In a paper published in Nature Geoscience this week, researchers from Sweden recorded a period of "pronounced cooling" from around 536 to 660CE which coincided with major upheaval across Europe and Asia.

The authors, including Ulf Büntgen from the Swiss Federal Research Institute, have called the time period the Late Antique Little Ice Age.

Using tree ring width measurements from the Russian Altai mountains and the European Alps, the authors show the temperatures during the era were markedly cooler compared to the rest of the past 2000 years.

It coincides with massive societal struggles and changes across the two continents including the Justinian plague, which hit the Eastern Roman Empire around 541CE, the collapse of the Sasanian Empire, political change in China, the spread of Slavic-speaking people and the development of the early Arab-Islamic Empire.

The authors attribute the mini ice age to a series of large eruptions and suggest the sudden cooling should be considered an environmental factor which added to crop failure and societal change.
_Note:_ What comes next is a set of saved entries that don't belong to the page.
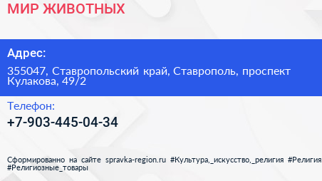 МИР ЖИВОТНЫХ по адресу 355047, Ставропольский край, Ставрополь, проспект Кулакова, 49/2 в дальнейшем Организация, размещена в следующих категориях:
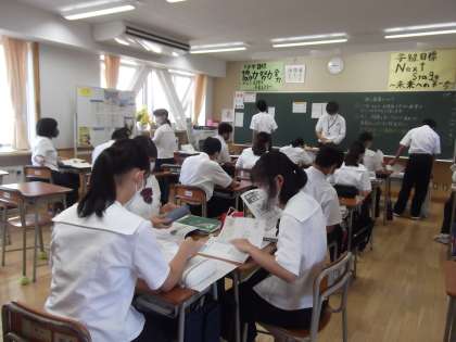 3−2は理科で、期末テストの範囲の自主学習の時間でした。個人やグループなど、取り組み方は自由ですが、3年生らしくどの生徒もめあてをもって取り組んでいました。(写真下)
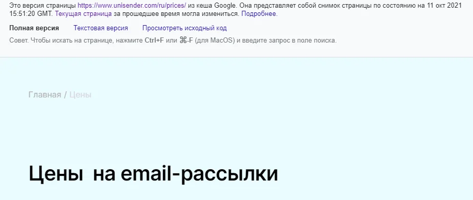 Пример: cache:unisender.com/ru/prices/
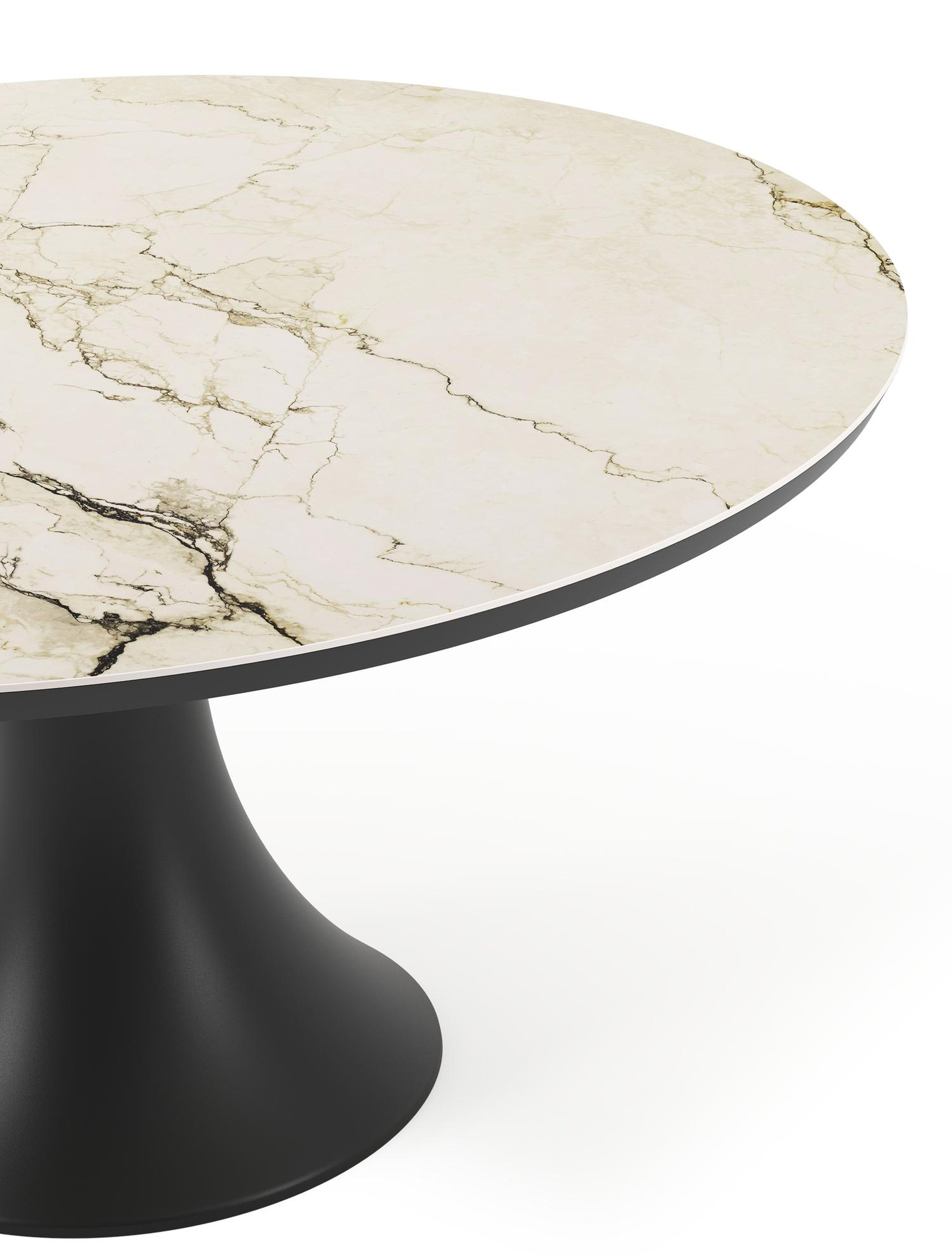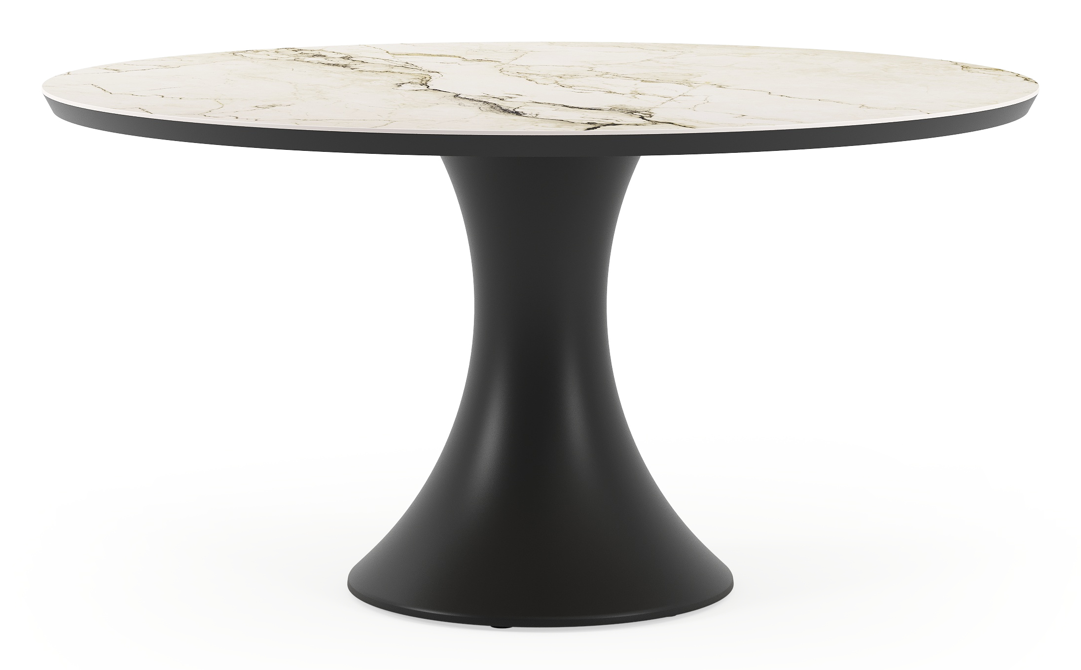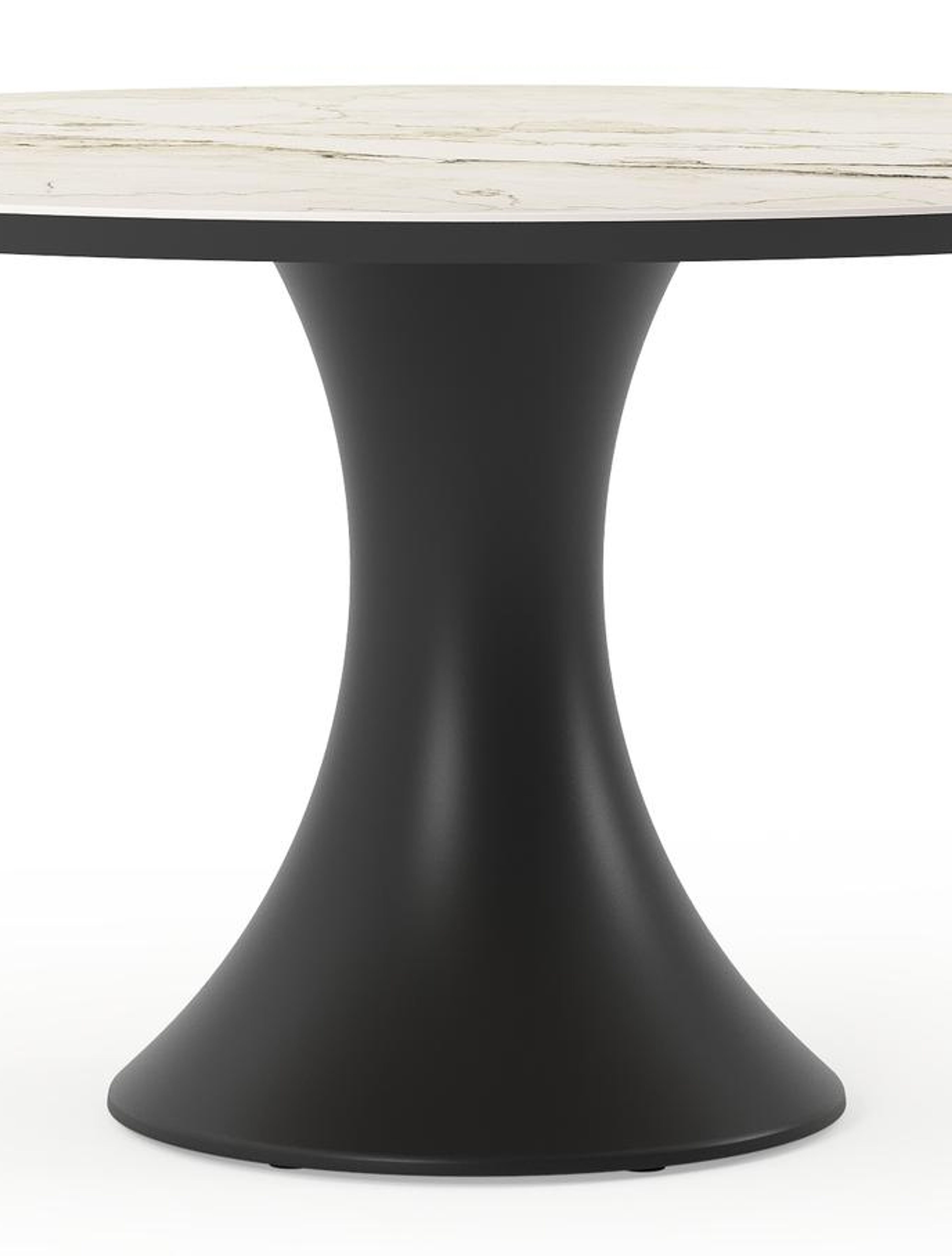 De Fano collectie onderscheidt zich door zijn trendy ronde tafel met de kenmerkende trompetpoot. Deze eigentijdse tafel biedt niet alleen een modieuze uitstraling, maar creëert ook een gezellige tafelbeleving, waarbij mensen tegenover elkaar kunnen zitten.

The Justinian Plague is thought to have been responsible for as many as 25 million deaths during its initial outbreak. It is thought to have been carried into Constantinople by infected rats on grain boats arriving from Egypt.

The plague followed widespread food shortages which was right after the mini ice age, the researchers have identified. They suggest it led to the reduction of the Roman Empire.
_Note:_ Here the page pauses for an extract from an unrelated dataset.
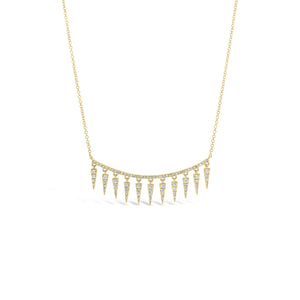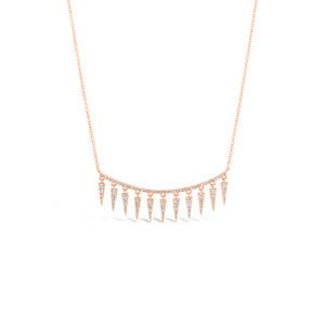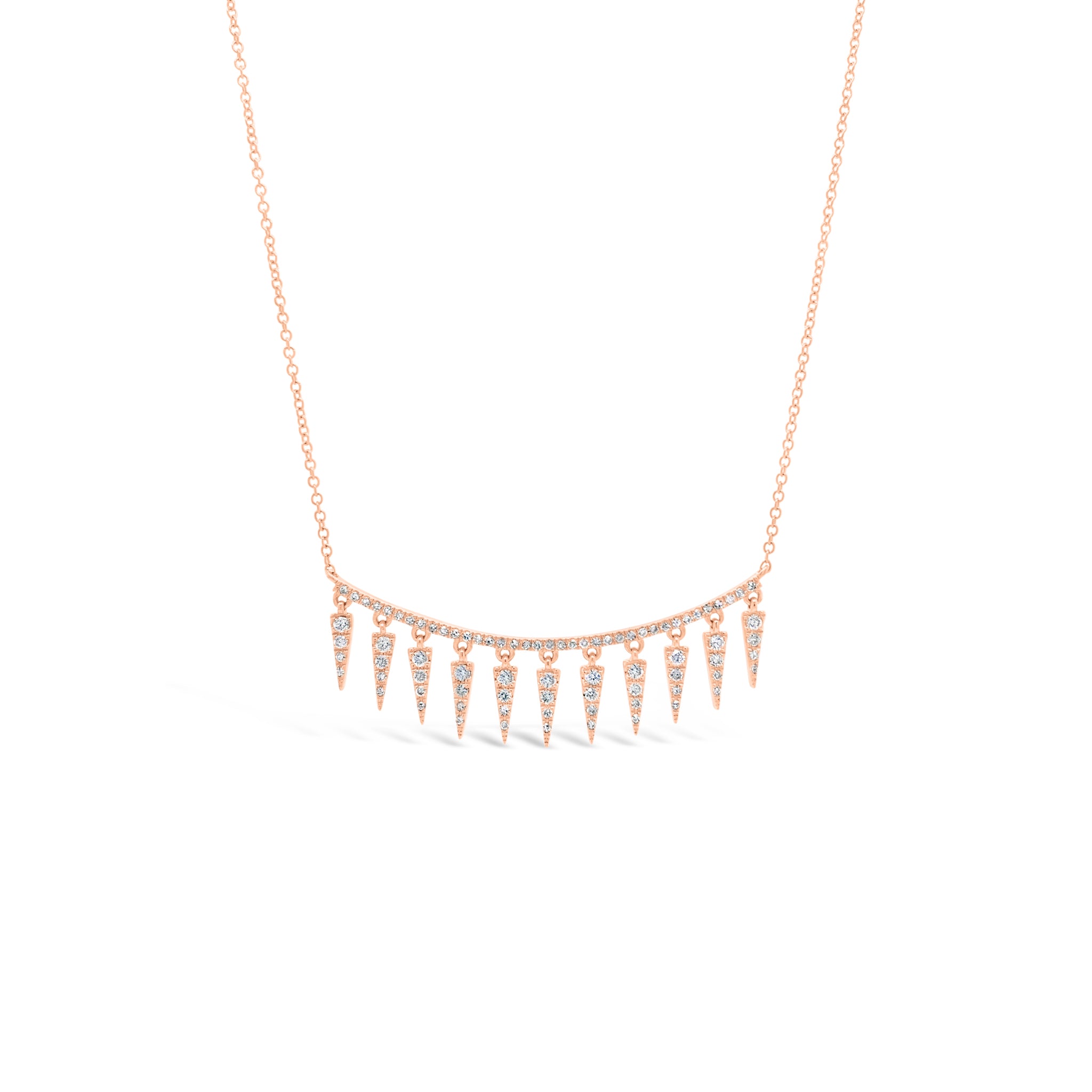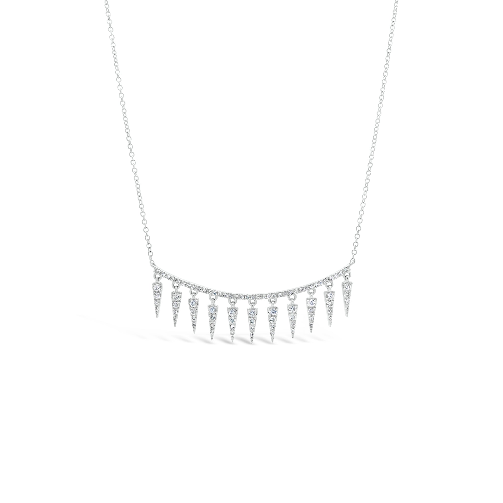 A little bit of edge, a lot of chic — this stylish piece features dainty diamond spikes dangling from a delicate diamond-encrusted bar. It’s an on-trend necklace that will instantly elevate your style.

Meanwhile, shorter growing seasons and subsequent nutritional deficiencies in people and livestock "probably initiated large-scale pastoral movements towards China".
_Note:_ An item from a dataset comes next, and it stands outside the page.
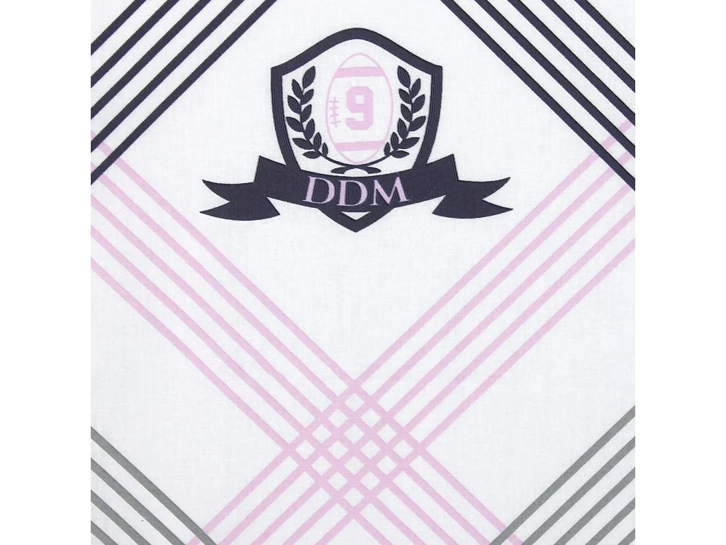 Place au rugby avec la collection Demi de Mêlée Jubilé imprimée de rayures et de blasons déclinés dans des tons de rose, gris et marine sur fond blanc.

In an accompanying editorial, John Haldon, Professor of Byzantine History and Hellenic Studies at Princeton University, says the findings are as important for historians as it is for climate change scientists.

"No one, I think, can now doubt that climatic and environmental changes are causally linked to societal development, albeit in complex ways," he says.

"In the case of the Late Antique Little Ice Age, we seem to have a pretty clear a priori case for assuming that a dramatic period of cooling, that can be dated reasonably precisely and that coincided with substantial societal change across a large part of the Earth's surface, had a causal impact."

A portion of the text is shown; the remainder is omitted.